ART_AND_DESIGN : 1986335.0877192982
AUTO_AND_VEHICLES : 647317.8170731707
BEAUTY : 513151.88679245283
BOOKS_AND_REFERENCE : 8767811.894736841
BUSINESS : 1712290.1474201474
COMICS : 817657.2727272727
COMMUNICATION : 38456119.167247385
DATING : 854028.8303030303
EDUCATION : 1833495.145631068
ENTERTAINMENT : 11640705.88235294
EVENTS : 253542.22222222222
FINANCE : 1387692.475609756
FOOD_AND_DRINK : 1924897.7363636363
HEALTH_AND_FITNESS : 4188821.9853479853
HOUSE_AND_HOME : 1331540.5616438356
LIBRARIES_AND_DEMO : 638503.734939759
LIFESTYLE : 1437816.2687861272
GAME : 15588015.603248259
FAMILY : 3695641.8198090694
MEDICAL : 120550.61980830671
SOCIAL : 23253652.127118643
SHOPPING : 7036877.311557789
PHOTOGRAPHY : 17840110.40229885
SPORTS : 3638640.1428571427
TRAVEL_AND_LOCAL : 13984077.710144928
TOOLS : 10801391.298666667
PERSONALIZATION : 5201482.6122448975
PRODUCTIVITY : 16787331.344927534
PARENTING : 542603.6206896552
WEATHER : 5074486.197183099
VIDEO_PLAYERS : 24727872.452830188
NEWS_AND_

## Conclusion
The game genre seems pretty popular, but the market for this may be already saturated. 

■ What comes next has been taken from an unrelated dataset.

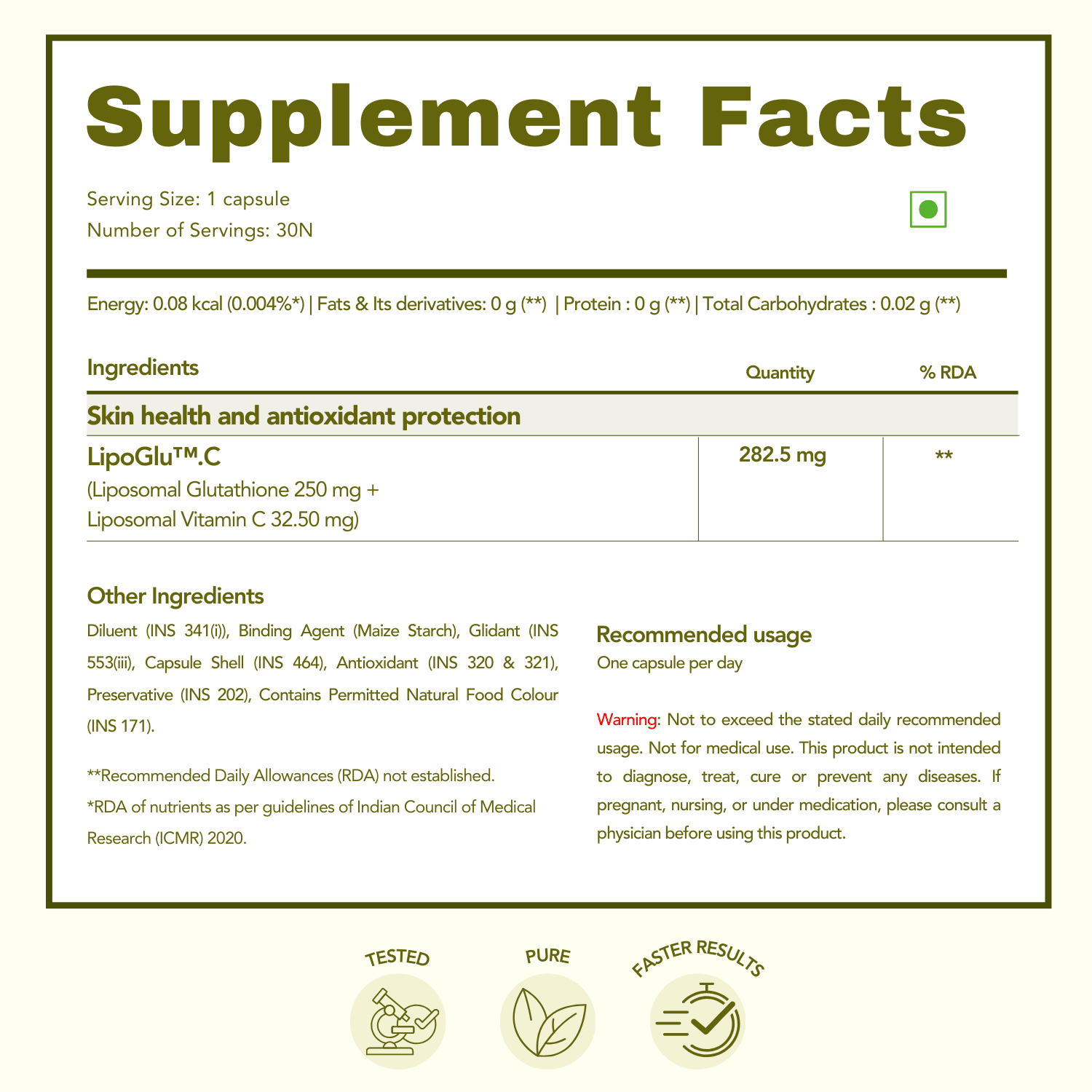 - Each capsule contains: Liposomal Glutathione (250 mg), Hydroxypropyl Methylcellulose, Sunflower Oil, Antioxidants (INS 320, INS 321), Diluent (INS 460(i), INS 341(ii)), Binding Agent (Maize Starch), Anticaking Agent (INS 553(iii)), Preservative (INS 202), Permitted Natural Food Colour

The books and reference genre looks fairly popular as well, with an average number of installs of 8,767,811. Since we found this genre has some potential to work well on the App Store too, and our aim is to recommend an app genre that shows potential for being profitable on both the App Store and Google Play, this genre should be used going forward for app development.